But the point is not so much about how I choose to wear my hair at night. I know plenty of curly girls that go to sleep with their hair down and don’t really do protective styles at all. They wear their curls usually down or in very simple hairstyles — it’s no big deal. The issue here is the shame I allowed myself to experience because of all the negative dialogue surrounding protective styles, which speaks to a much larger issue at hand. It’s the reason why so many Black and Latina women get triggered when they see white women not only praised but paid for wearing black protective styles like cornrows, box braids, doobies, or for stealing ideas like the night bonnet or satin pillowcases and then calling it their own.

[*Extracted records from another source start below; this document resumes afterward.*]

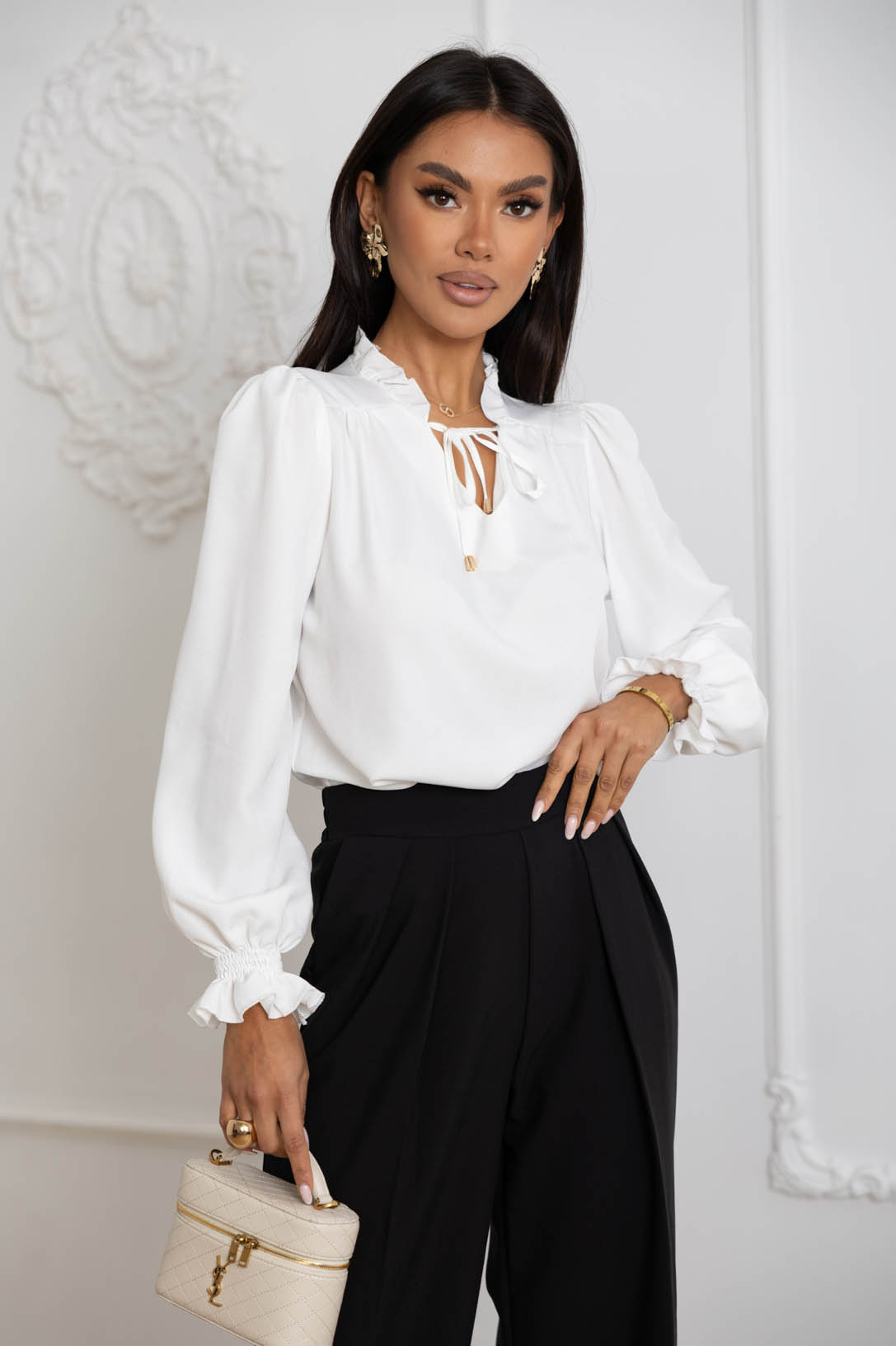 BLUZKA Z FALBANKĄ POD SZYJĄ I NA RĘKAWACH- ECRU
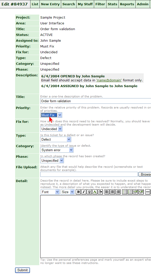 3. Choose required "Priority" field value and submit your changes.
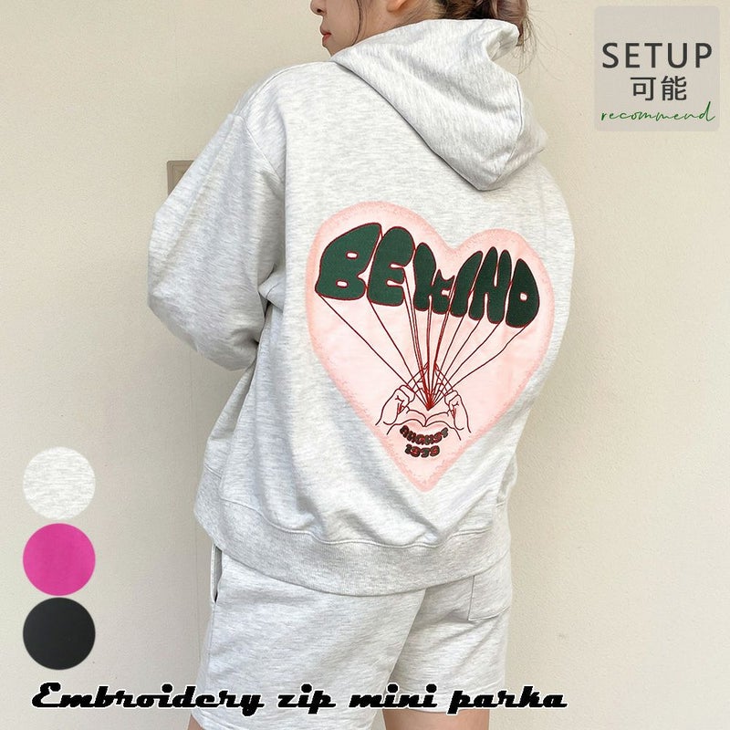 パーカー ミニ トップス ロゴ 裏毛 刺繍 セットアップ可能 春 秋 2310150

I remember growing up hearing white girls calling Black, Puerto Rican, and Dominican women dirty for only washing their hair once or twice a week, not understanding how oil travels slower from the scalp to the ends with textured hair. Now almost every white girl I know brags about only washing their hair once a week. That shame of being told that our hair or the way we choose to care for our hair is less than sophisticated really can impact us on a greater scale than we even realize and it certainly did a number on me. But what I’ve had to remind myself whenever I feel any kind of shame or embarrassment associated with my hair is that the idea that textured hair from a Black or brown woman is bad, unsophisticated, dirty, or just isn’t beautiful, is deeply rooted in white supremacy and only gives in to the idea that white Eurocentric beauty is the standard. Feeling ashamed of my hair or how I chose to protect it was me subconsciously giving in to that. There is nothing ugly or ratchet about wrapping your hair. There is nothing ugly or ratchet about protecting your hair at night. In fact, it’s quite the opposite. There is something incredibly beautiful about loving, embracing, and protecting the hair you were born with and maintaining a ritual that’s been passed by your ancestors for centuries. Our hair is beautiful and our rituals are sacred and I refuse to let anyone make me feel ashamed because of it.